Мы, естественно, ахнули. У Закировой закружилась голова. Из-за того, что нижняя половина сферы стала видимой, нам казалось, что мы парим на своём обрубке тротуара над центром аккуратного котлована. Так продолжалось 13 секунд. Мы успели разглядеть много “стеклянных” вещей и даже “стеклянного” человека внутри дома.
Две последние стадии “снежного шара” описывать труднее всего. Йокинен называет их “планетарий” (ср. наводку Диляры Касымовой) и “калейдоскоп”. На видео эта часть была смазанной и хаотичной. Её просмотр больше мешал нам приводить в порядок свои впечатления, чем помогал. Мы даже не стали досматривать.
Началось с “планетария”. Вместо котлована, улицы, зданий и голубого неба с облаками мы вдруг увидели какой-то глубокий космос. Огромные звёздные скопления висели над нами, расстилались под нами, окружали нас со всех сторон, преломляясь в “хрустальной” начинке дома. Звёзды были невероятно густые. На Земле таких не увидишь даже в самую ясную ночь где-нибудь в горах на Алтае.
От “планетария” головы закружились у нас обеих. Нам реально казалось, что мы стоим на крошечной платформе посреди Вселенной. Мы жались друг к другу и к единственному непрозрачному кусочку фасада. Старались быть как можно дальше от края тротуара. Напрасно Йокинен заверяла нас, что бояться нечего. Она даже сошла на “стеклянную” проезжую часть и стояла там как минимум до конца “планетария”, будто подвешенная над галактиками. Но нам всё равно было страшновато.
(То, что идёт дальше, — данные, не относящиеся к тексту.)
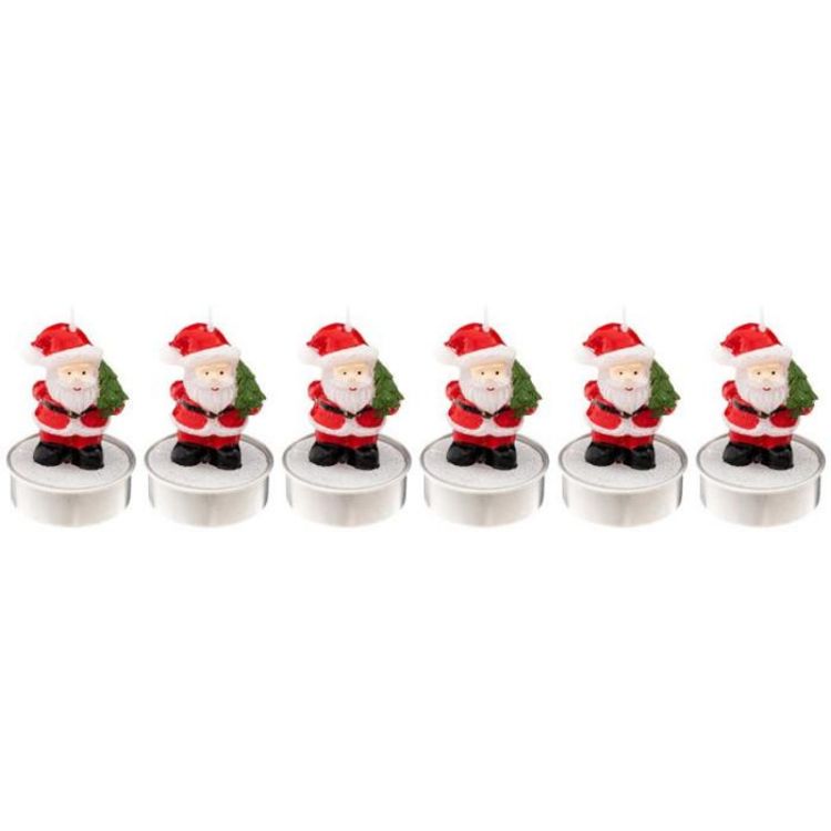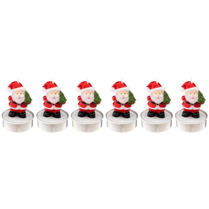 Lot de 6 Bougies Déco Père Noël 6cm Rouge & Blanc
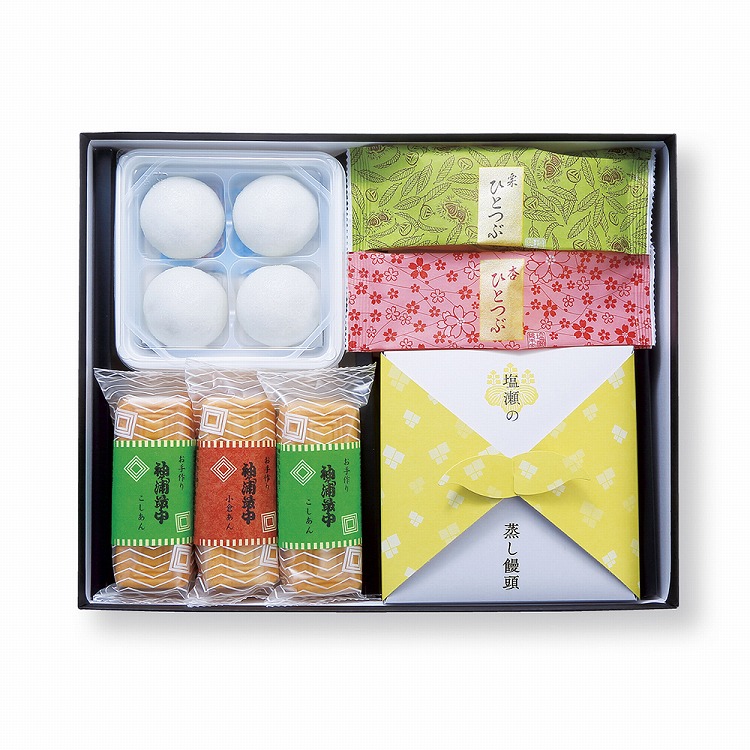 商品内容●セット内容:蒸し饅頭(4個入)・袖ヶ浦最中こし餡各2、栗ひとつぶ・杏ひとつぶ・袖ヶ浦最中つぶ餡各1

Закирова даже не выдержала и присела на асфальт.
Кроме страха, у нас было сильное, ни с чем не сравнимое ощущение, что…
Алина Закирова:…что я смотрю не только в пространство, но каким-то образом и далеко вглубь времени, причём как бы в обе стороны времени: и в прошлое, и в будущее.
Дарья Кожемякина: У меня другая интерпретация. Мне кажется, главное было не во времени. Когда смотришь в обычное звёздное небо, тоже видишь далёкое прошлое. Но ничего похожего не чувствуешь. Мы сейчас долго это обсуждали. Я искала подходящие слова. И, кажется, нашла.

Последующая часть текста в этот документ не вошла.